Un travail minutieux : « On a épluché les registres. Souvent ce sont les titres des lois qui nous mettent la puce à l’oreille », raconte-t-il. Il faut ensuite vérifier qu’aucun article et aucune disposition de la loi n’est encore appliqué ou applicable. « Si on a le moindre doute, on s’abstient. » Un texte a ainsi échappé au couperet, la loi du 1er août 1955 sur la création d’un comité interprofessionnel du cassis de Dijon. Malgré une dissolution votée à l’unanimité par ses membres en 2017, sa suppression n’était pas sans conséquences. « Certaines lois peuvent sembler obsolètes alors même qu’elles constituent toujours la base juridique d’actes ou de situations en cours », commente la rapporteure du texte, Catherine Di Folco (Les Républicains).

Gouvernement provisoire, guerre d’Algérie…

Passer en revue ces lois obsolètes permet de réviser un peu son Histoire. On trouve ainsi la loi de novembre 1945 relative aux attributions des ministres du gouvernement provisoire de la République, instauré de 1944 à 1946. Il y a aussi la loi de mars 1948 sur l’Assemblée algérienne, dissoute en 1956, et celle de mars 1950 sur « l’appel des jeunes gens sous les drapeaux » visant à mobiliser des troupes envoyées en Algérie. C’était la dernière fois que les citoyens français étaient ainsi appelés à servir l’armée.


La loi de juillet 1954 sur l’élection des conseillers de la République peut également être abrogée, car ils ont été remplacés… par les sénateurs dans la Constitution de 1958. Même logique concernant une loi promulguée en décembre 1979 et traitant du conseil régional de la Corse, un organe remplacé trois ans plus tard par l’Assemblée de Corse. Quant à l’ancêtre du congé de formation, né en 1957 sous le nom de « congé d’éducation ouvrière », son texte de loi n’a plus de raison d’être.

« Personne n’est capable de dire combien on a de textes de loi ! »

« C’est une goutte d’eau », relativise Vincent Delahaye au sujet des 115 textes bientôt effacés. « Personne n’est capable de dire combien on a de textes de loi ! Sans doute pas loin de 10.000… » Le sénateur compte néanmoins poursuivre ce long toilettage. Il s’attaque déjà au Code général des collectivités territoriales, et ses « plus de 400.000 normes », avant de viser d’autres pans législatifs.

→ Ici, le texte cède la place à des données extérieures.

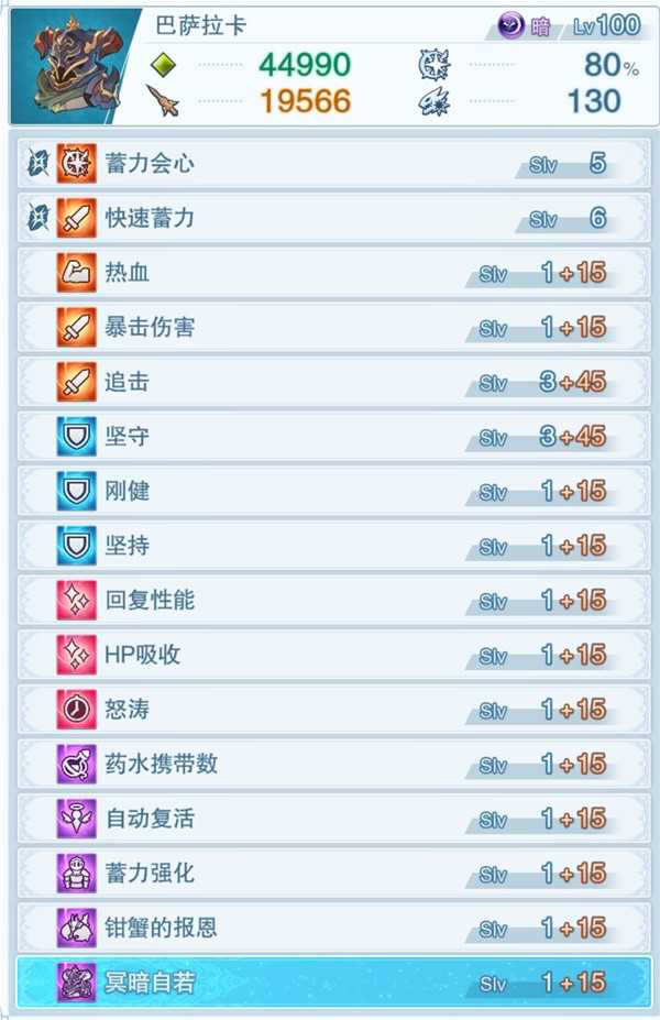 9、豪胆,自动复活,药水持有数量等。功能性辅助因子,有条件就带。个人觉得复活优先豪胆,因为不死状态结束后的1血经常接豪胆马上翻车,不如自动复活拉起来还能回一半血。

Ce nettoyage est utile, plaide le sénateur centriste. « C’est aussi sain que de faire le ménage chez soi. Cela réduit le nombre de normes, évite le risque de confusion entre les textes, et améliore la lisibilité de notre droit. Car nul n’est censé ignorer la loi, mais il y en a tellement qu’on s’y perd. » Un ménage qui a encore de beaux jours devant lui : en 2016, 2.392 articles législatifs ont été adoptés, selon Dalloz.